Sorbonne University, France
Ziad Zamzami is currently a PhD candidate at the Sorbonne Universités-University of Pierre and Marie Curie (UPMC) in Paris, France and a Member of the Institute of Intelligent Systems and Robotics (ISIR). He holds a Master’s degree in Advanced Systems and Robotics (SAR) from the UPMC. He holds a BSc and MSc in Material Science and Mechanical Engineering from the University of Mulhouse, France in the framework of the joint double degree program with the French University of Egypt. He has participated in several projects including; Fast Autonomous Rover SysTem (FAST) project funded by the French National Research Agency (ANR) and more recently on the FRAUDO Project in partnership with the French Atomic Energy Commission (CEA) and the French Defense Research Projects Agency (DGA). His research interest includes motion planning, trajectory optimization, underactuated robotics and multibody dynamics.

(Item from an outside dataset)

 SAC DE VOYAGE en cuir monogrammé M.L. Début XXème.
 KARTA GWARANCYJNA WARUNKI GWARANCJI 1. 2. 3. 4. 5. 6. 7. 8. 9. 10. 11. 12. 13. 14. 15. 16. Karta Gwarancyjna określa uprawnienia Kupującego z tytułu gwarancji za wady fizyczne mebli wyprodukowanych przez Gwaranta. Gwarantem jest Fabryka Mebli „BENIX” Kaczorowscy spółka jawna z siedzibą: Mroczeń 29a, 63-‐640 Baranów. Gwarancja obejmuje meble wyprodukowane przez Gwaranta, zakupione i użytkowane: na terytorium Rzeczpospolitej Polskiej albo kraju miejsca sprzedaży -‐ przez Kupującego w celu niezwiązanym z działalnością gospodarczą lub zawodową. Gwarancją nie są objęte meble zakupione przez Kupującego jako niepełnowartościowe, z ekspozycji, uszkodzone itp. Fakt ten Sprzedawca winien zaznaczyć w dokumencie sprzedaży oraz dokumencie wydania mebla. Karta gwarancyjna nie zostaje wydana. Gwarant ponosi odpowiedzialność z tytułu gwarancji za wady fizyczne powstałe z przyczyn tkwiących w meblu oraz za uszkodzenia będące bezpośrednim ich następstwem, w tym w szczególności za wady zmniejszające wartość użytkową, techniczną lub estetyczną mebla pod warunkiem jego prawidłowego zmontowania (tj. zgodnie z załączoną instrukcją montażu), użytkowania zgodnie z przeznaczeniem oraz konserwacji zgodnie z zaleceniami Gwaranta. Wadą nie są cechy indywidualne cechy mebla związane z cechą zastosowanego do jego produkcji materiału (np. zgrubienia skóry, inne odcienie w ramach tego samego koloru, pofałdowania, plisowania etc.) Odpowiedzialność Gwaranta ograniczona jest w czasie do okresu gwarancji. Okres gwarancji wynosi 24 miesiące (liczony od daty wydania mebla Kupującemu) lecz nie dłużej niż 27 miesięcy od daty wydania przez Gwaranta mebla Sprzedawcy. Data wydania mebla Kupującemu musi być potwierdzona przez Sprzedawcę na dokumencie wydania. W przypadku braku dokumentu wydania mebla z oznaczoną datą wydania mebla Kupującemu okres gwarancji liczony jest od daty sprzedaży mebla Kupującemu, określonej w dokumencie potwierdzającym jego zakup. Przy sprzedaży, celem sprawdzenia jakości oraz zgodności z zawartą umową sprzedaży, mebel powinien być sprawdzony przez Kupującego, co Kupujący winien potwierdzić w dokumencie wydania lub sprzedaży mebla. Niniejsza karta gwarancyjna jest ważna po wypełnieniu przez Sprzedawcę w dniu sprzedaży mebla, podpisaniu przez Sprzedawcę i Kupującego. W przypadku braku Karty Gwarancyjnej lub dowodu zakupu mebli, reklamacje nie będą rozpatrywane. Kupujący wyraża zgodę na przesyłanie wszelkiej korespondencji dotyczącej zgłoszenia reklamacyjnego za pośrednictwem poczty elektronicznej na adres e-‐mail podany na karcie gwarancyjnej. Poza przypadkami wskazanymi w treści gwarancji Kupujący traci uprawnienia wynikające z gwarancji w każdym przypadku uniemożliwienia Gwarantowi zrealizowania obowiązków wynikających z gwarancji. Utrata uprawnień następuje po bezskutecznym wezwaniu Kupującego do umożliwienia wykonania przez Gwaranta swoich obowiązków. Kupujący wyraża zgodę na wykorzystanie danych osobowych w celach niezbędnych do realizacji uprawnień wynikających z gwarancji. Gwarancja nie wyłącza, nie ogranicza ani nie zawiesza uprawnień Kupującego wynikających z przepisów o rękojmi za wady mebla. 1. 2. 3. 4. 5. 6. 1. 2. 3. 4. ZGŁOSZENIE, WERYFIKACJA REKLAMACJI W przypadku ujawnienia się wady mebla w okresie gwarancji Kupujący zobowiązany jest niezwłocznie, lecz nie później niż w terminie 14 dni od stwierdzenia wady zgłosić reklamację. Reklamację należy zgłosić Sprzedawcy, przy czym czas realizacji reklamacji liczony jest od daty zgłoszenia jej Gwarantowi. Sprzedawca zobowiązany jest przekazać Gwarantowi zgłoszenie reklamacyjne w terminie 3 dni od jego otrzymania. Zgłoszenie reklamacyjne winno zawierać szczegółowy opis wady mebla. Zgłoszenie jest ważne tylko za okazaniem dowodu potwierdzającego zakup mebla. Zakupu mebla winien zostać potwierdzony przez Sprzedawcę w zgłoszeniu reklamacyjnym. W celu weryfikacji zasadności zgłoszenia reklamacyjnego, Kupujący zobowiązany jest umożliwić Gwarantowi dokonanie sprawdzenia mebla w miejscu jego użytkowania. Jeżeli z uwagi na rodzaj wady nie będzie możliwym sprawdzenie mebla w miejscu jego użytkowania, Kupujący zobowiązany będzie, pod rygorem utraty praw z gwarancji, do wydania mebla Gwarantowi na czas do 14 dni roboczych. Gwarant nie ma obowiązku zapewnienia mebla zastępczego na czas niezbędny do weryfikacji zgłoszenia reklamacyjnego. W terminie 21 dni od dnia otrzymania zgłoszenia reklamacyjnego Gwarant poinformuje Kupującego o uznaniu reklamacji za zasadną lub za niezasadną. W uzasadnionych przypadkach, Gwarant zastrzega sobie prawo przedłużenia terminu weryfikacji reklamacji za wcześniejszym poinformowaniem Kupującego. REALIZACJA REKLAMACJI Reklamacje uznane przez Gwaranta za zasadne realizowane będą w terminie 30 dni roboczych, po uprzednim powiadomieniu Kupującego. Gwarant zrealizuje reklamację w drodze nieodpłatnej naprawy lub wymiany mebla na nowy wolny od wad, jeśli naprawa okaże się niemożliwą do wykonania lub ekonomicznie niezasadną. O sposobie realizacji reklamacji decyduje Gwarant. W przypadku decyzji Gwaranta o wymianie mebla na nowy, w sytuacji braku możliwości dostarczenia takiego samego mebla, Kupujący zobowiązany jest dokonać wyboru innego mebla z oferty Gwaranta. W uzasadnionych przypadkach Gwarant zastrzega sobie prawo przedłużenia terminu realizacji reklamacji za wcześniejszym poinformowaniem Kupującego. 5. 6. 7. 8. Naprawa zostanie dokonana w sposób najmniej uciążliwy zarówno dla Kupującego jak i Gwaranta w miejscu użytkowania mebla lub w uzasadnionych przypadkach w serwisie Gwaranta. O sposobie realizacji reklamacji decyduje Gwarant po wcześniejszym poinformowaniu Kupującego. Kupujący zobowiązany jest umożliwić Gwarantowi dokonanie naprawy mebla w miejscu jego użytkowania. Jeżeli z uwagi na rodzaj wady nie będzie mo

Humans and animals are capable of overcoming complex terrain challenges with graceful and agile movements. One of the key ingredients for such complex behaviors is motion coordination to exploit their natural dynamics. Sports performers coordinate their action in many different ways to achieve their goals. Coordination is a key feature in highly dynamic maneuvers ranging from the graceful, precise action of an ice dancer to the explosive, physical power of a triple jumper. Lizard coordinates its tail swing to stabilize its dynamic motion over rough terrain. Cheetah can rapidly accelerate and maneuver during the pursuit of its prey by the coordinating of the motion of its tail. Understanding and emulating these motions is one of the long-standing grand challenges in robotics and biomechanics with possible applications in rehabilitation, sport, search-and-rescue, environmental monitoring and security. Despite the existence of powerful tools such as nonlinear trajectory optimization, they are usually treated as black boxes that provide local optimal trajectories. We introduce the Dynamical Coupling Map (DCM), a novel graphical technique, to help gain insight into the output trajectory of the optimization and analyze the capability of underactuated robots. As examples of dynamic maneuvers, the DCM analysis is demonstrated on the swing-up motion of a simplified model of a gymnast on high bar as well as a vertical jump for a high-dimensional humanoid robot with arms swing. The DCM shows graphically and intuitively the pivotal role of exploiting the natural dynamics in order to exceed their physical capacity which is dictated by the input torques limits. We also extend the current posteriori analysis to exploiting the natural dynamics as a priori for guiding motion generation of highly dynamic maneuvers.